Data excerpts

——————————

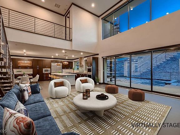Welcome to Sky Terrace, where elevated desert living meets architectural brilliance. Designed by Blue Heron, this modern masterpiece captures sweeping views of the Las Vegas Strip from its private rooftop deck. Inside, natural light and clean lines define the expansive great room, gourmet kitchen, and sleek wine bar—perfect for refined entertaining. A tranquil courtyard and resort-style pool offer effortless indoor-outdoor flow. The home features three ensuite bedrooms with spa-like baths and custom closets—including a main-level suite—plus a flexible fourth bedroom near a full bath. The property has recently undergone a remodel with over $60,000 in enhancements. It features elegant black crown molding and baseboards, new flooring on the lower level, modern black recessed lighting, a fresh interior paint job, a newly coated roof, and upgraded pool tiles with necessary repairs.
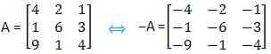 Matriz Oposta Por Redação31/05/2012 às 17:45 6 – Matriz Oposta A matriz oposta da matriz A é aquela que possui elementos opostos correspondentes ao da matriz A. A matriz oposta de A = (aij)m x n é a matriz – A = (– aij) m x n. Exemplo:
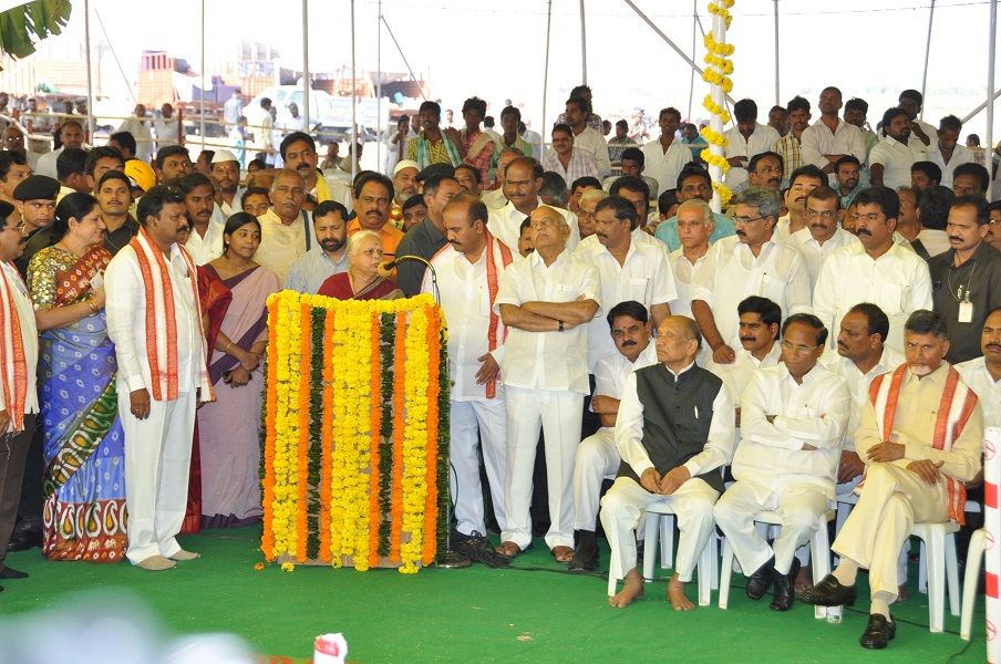 Andhra Pradesh Chief Minister N.Chandra Babu Naidu laying foundation stone for Temporary Secretariat Building at Velagapudi on 17th February 2016.
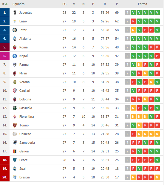 Ecco la classifica attuale:
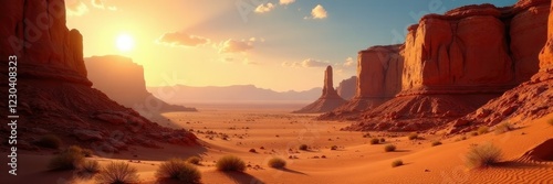 Fototapeta premium Sunlit desert landscape featuring hanging rock formations, arid landscape,...
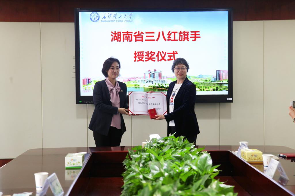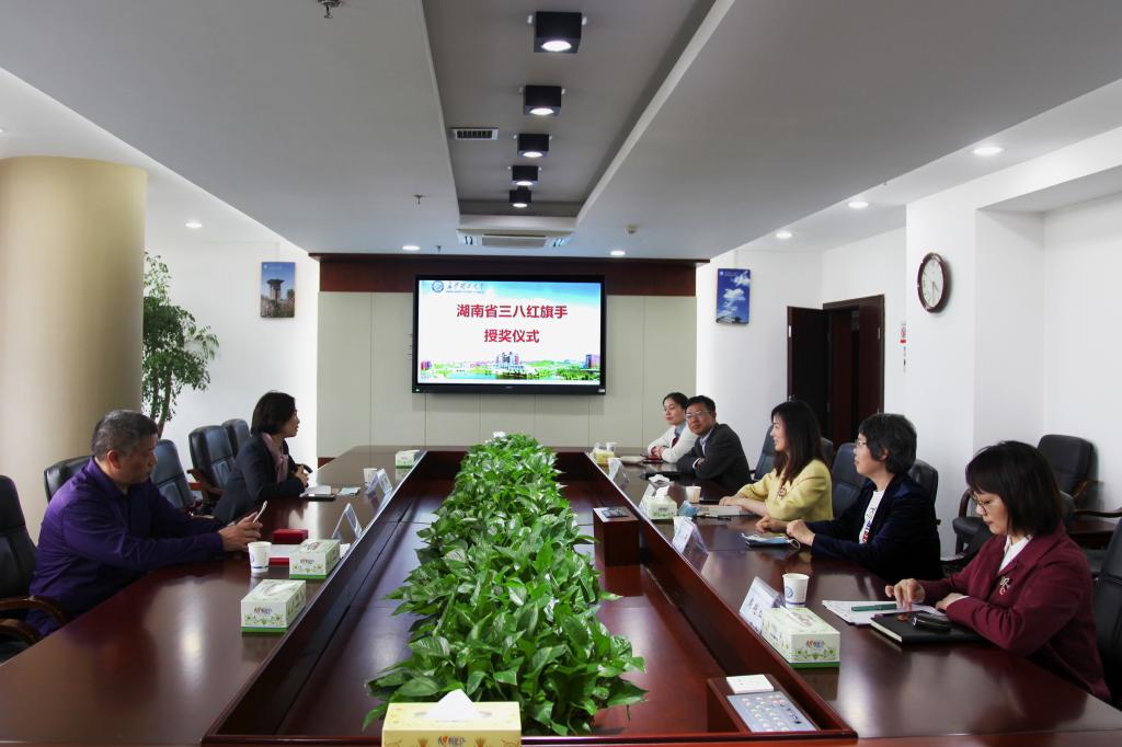 近日,湖南省妇联副主席方琼(挂职)、省妇联宣传部三级调研员刘伟东一行,专程为湖南省“三八红旗手”获奖者、雷竞技官网土木工程学院刘小燕教授授奖。党政办,校工会,土木工程学院主要负责人参加会议。
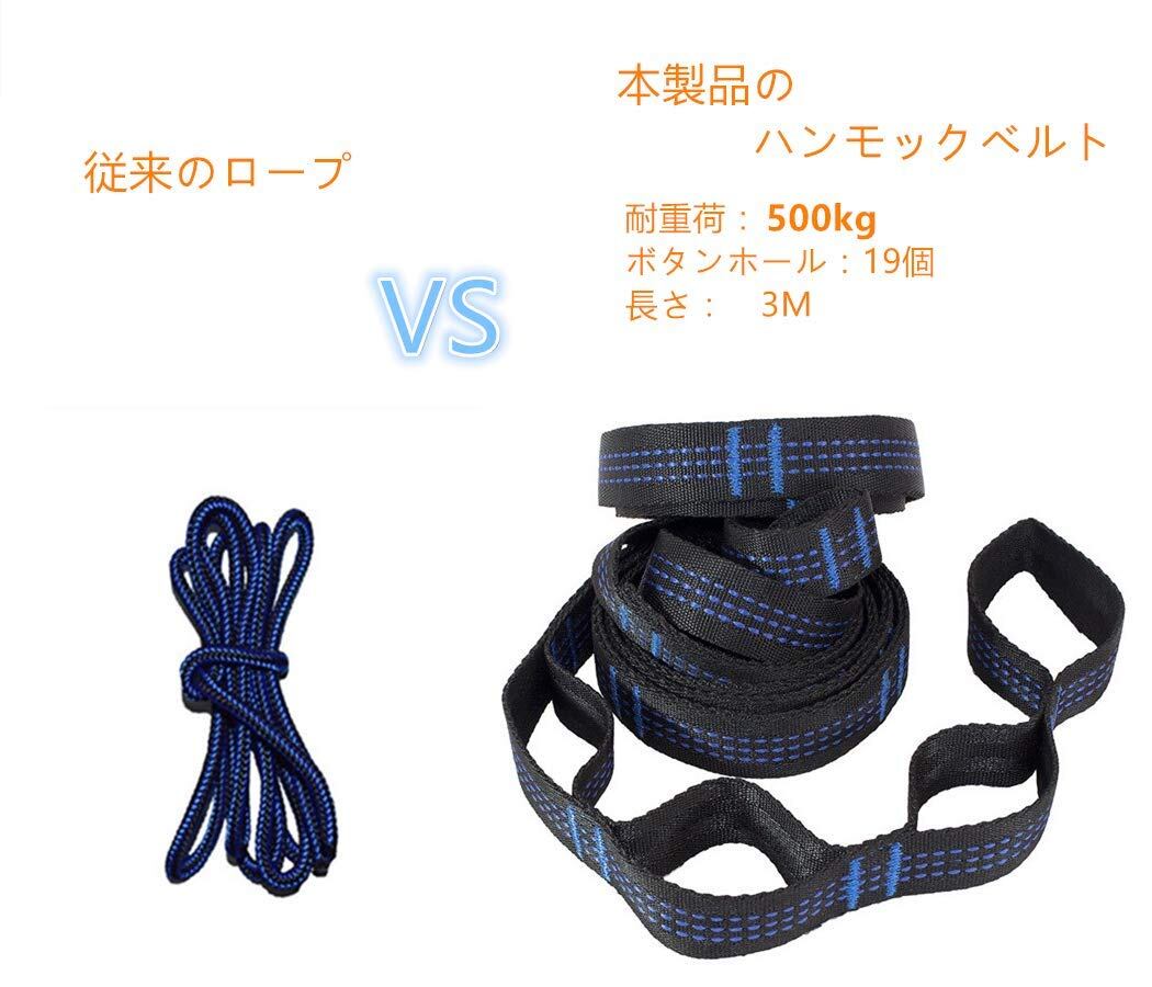 HOMEME ハンモックベルト ハンモックストラップ 2本セット 長さ300cm ノード19個 耐荷重量500kg キャンプ アウトドア用 専用収納バッグ付き
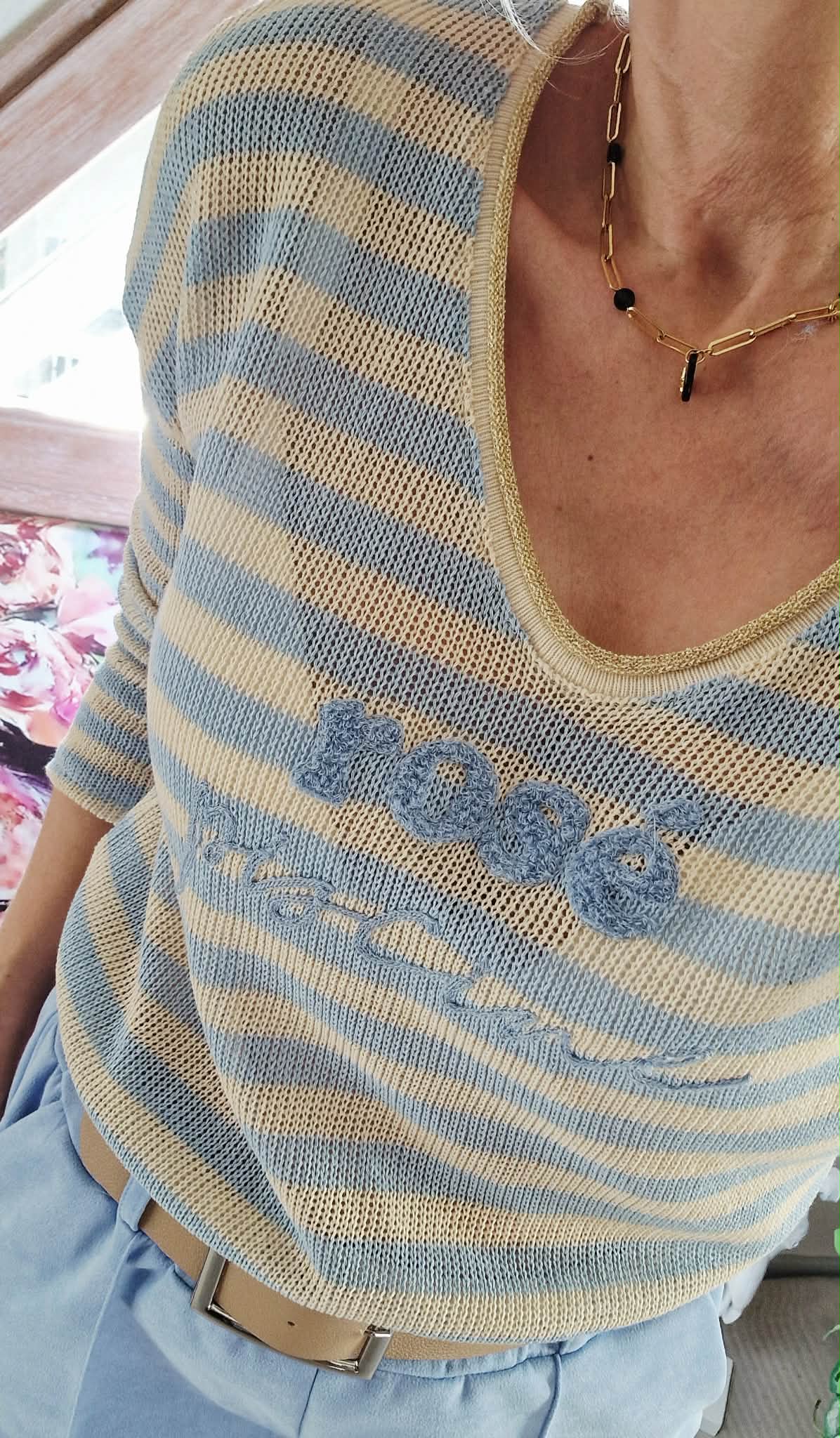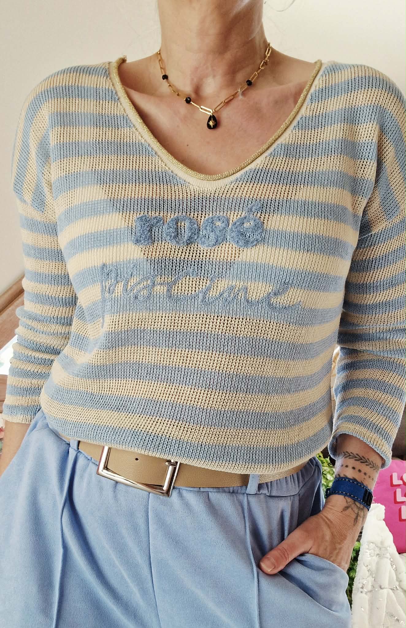Haut Rosé Piscine bleu/beige , col V manches longues.

——————————

◆ Exercise goal
The line with "Andhra Pradesh Chief" and each line after it, through the final line of the data, are to be duplicated exactly, with pictures left out and nothing more included.

◆ Solution for this exercise
 Andhra Pradesh Chief Minister N.Chandra Babu Naidu laying foundation stone for Temporary Secretariat Building at Velagapudi on 17th February 2016.
 Ecco la classifica attuale:
 Fototapeta premium Sunlit desert landscape featuring hanging rock formations, arid landscape,...
 近日,湖南省妇联副主席方琼(挂职)、省妇联宣传部三级调研员刘伟东一行,专程为湖南省“三八红旗手”获奖者、雷竞技官网土木工程学院刘小燕教授授奖。党政办,校工会,土木工程学院主要负责人参加会议。
 HOMEME ハンモックベルト ハンモックストラップ 2本セット 長さ300cm ノード19個 耐荷重量500kg キャンプ アウトドア用 専用収納バッグ付き
Haut Rosé Piscine bleu/beige , col V manches longues.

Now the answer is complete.